What you are asked to do: Using only the entries below, output the lines starting at the one containing "実は昨年10月にベンフィカの" and ending at the one containing "Esta design apresenta", exactly and inclusive of both, omitting the pictures.

——————

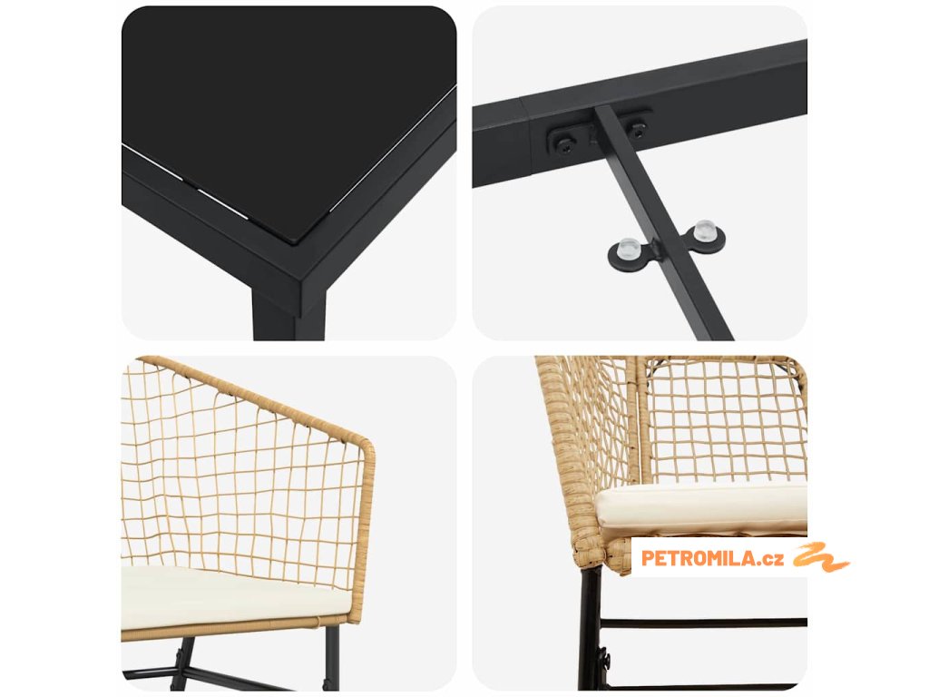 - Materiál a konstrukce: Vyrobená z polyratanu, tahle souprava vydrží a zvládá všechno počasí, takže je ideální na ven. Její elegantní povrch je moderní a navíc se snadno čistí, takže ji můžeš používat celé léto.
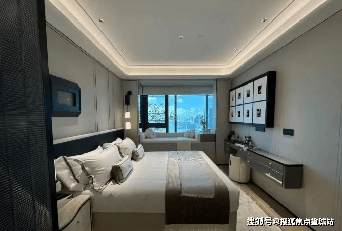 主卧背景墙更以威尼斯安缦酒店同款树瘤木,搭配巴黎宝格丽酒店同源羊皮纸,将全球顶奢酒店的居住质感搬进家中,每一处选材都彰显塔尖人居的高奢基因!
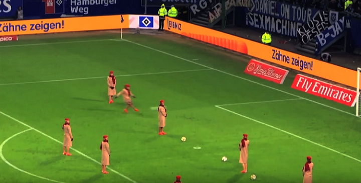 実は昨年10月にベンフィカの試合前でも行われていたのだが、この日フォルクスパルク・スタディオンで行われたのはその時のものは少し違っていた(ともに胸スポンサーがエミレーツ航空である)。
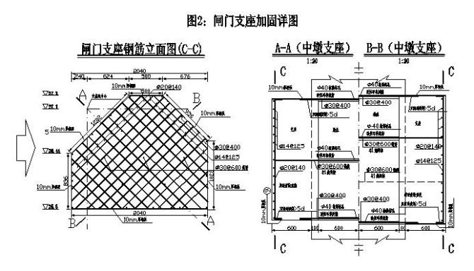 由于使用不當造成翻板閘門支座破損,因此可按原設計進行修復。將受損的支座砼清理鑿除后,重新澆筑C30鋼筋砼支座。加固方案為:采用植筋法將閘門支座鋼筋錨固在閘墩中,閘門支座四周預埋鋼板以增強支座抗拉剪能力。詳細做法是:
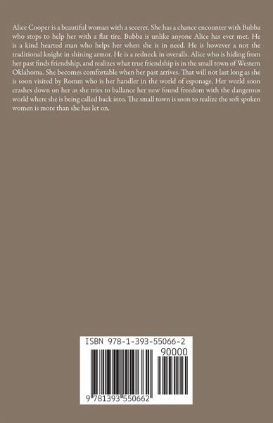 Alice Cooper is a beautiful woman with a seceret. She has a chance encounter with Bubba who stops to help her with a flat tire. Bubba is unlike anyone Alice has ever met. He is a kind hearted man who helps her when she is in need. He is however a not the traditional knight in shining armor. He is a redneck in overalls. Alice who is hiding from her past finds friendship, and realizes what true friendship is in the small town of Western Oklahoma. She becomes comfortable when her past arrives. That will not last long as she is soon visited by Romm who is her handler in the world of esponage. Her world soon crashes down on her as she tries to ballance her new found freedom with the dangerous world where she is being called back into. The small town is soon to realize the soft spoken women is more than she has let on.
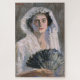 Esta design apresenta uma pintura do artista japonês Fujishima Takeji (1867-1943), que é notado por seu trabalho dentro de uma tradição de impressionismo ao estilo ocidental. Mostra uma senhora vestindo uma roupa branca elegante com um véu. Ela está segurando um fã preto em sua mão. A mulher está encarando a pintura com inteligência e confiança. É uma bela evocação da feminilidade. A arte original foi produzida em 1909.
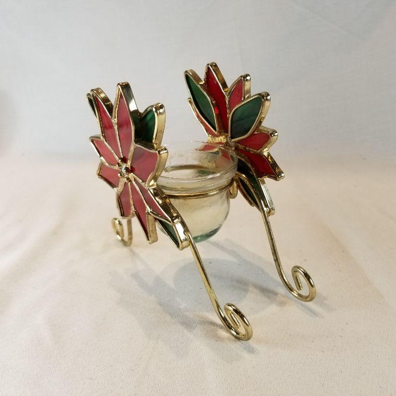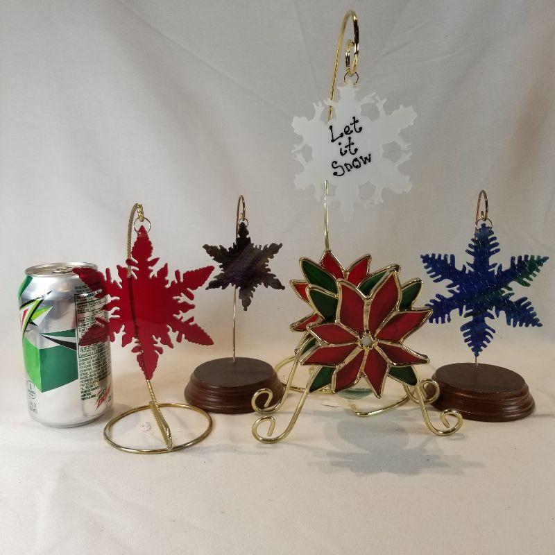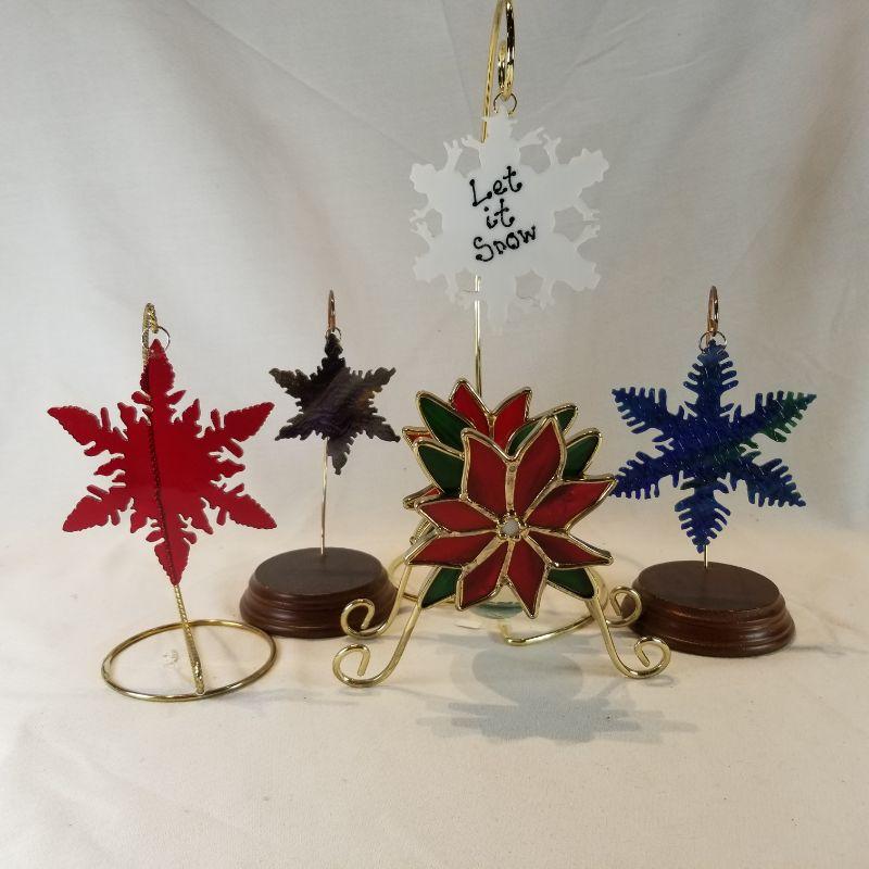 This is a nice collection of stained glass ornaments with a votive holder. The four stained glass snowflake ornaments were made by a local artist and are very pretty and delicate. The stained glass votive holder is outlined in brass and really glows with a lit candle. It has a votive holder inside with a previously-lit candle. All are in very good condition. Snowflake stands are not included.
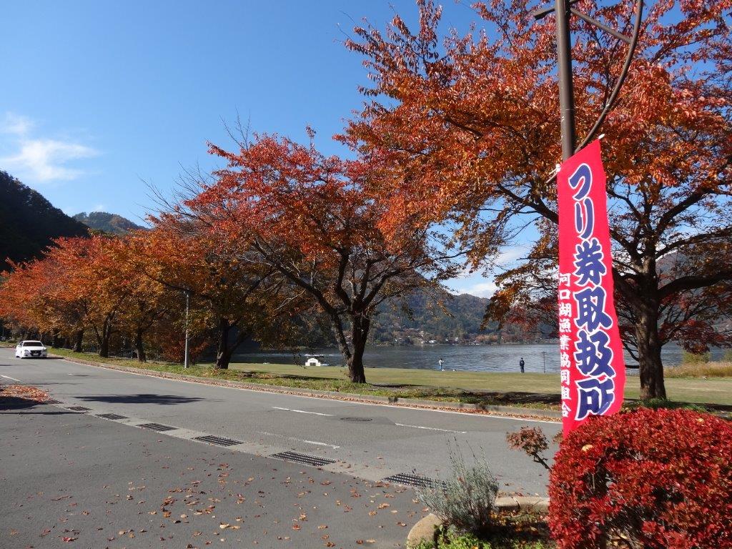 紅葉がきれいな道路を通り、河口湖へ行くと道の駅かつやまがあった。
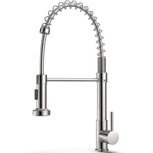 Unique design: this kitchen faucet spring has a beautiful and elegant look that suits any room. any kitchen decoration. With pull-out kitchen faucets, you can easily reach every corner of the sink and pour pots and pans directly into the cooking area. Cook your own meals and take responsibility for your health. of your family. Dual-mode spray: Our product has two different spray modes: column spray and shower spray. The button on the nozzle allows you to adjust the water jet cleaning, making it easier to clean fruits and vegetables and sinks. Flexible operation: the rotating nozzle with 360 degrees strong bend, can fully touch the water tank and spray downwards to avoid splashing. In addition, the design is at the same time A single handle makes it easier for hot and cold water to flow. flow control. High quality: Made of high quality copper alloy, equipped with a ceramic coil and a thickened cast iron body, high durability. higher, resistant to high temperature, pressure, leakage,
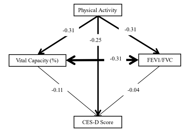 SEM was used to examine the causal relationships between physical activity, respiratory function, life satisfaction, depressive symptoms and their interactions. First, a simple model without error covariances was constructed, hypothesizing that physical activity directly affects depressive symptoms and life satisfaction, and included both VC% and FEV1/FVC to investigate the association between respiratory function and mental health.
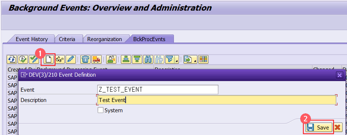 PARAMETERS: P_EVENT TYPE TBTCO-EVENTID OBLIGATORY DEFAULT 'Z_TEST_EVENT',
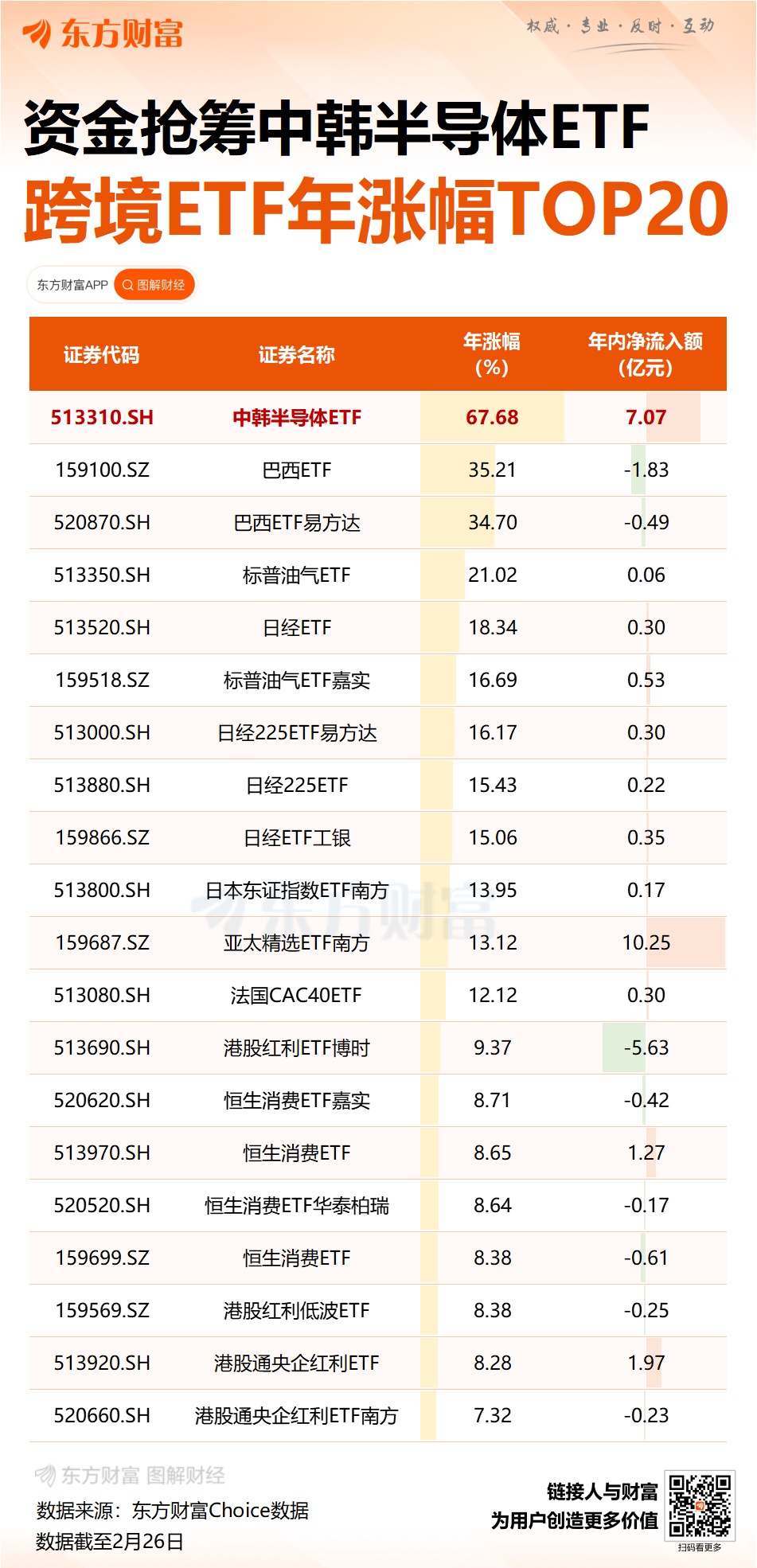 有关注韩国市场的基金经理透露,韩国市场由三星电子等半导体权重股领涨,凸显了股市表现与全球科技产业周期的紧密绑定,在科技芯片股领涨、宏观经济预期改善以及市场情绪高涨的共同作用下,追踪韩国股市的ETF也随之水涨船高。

——————

Task result:
 実は昨年10月にベンフィカの試合前でも行われていたのだが、この日フォルクスパルク・スタディオンで行われたのはその時のものは少し違っていた(ともに胸スポンサーがエミレーツ航空である)。
 由于使用不當造成翻板閘門支座破損,因此可按原設計進行修復。將受損的支座砼清理鑿除后,重新澆筑C30鋼筋砼支座。加固方案為:采用植筋法將閘門支座鋼筋錨固在閘墩中,閘門支座四周預埋鋼板以增強支座抗拉剪能力。詳細做法是:
 Alice Cooper is a beautiful woman with a seceret. She has a chance encounter with Bubba who stops to help her with a flat tire. Bubba is unlike anyone Alice has ever met. He is a kind hearted man who helps her when she is in need. He is however a not the traditional knight in shining armor. He is a redneck in overalls. Alice who is hiding from her past finds friendship, and realizes what true friendship is in the small town of Western Oklahoma. She becomes comfortable when her past arrives. That will not last long as she is soon visited by Romm who is her handler in the world of esponage. Her world soon crashes down on her as she tries to ballance her new found freedom with the dangerous world where she is being called back into. The small town is soon to realize the soft spoken women is more than she has let on.
 Esta design apresenta uma pintura do artista japonês Fujishima Takeji (1867-1943), que é notado por seu trabalho dentro de uma tradição de impressionismo ao estilo ocidental. Mostra uma senhora vestindo uma roupa branca elegante com um véu. Ela está segurando um fã preto em sua mão. A mulher está encarando a pintura com inteligência e confiança. É uma bela evocação da feminilidade. A arte original foi produzida em 1909.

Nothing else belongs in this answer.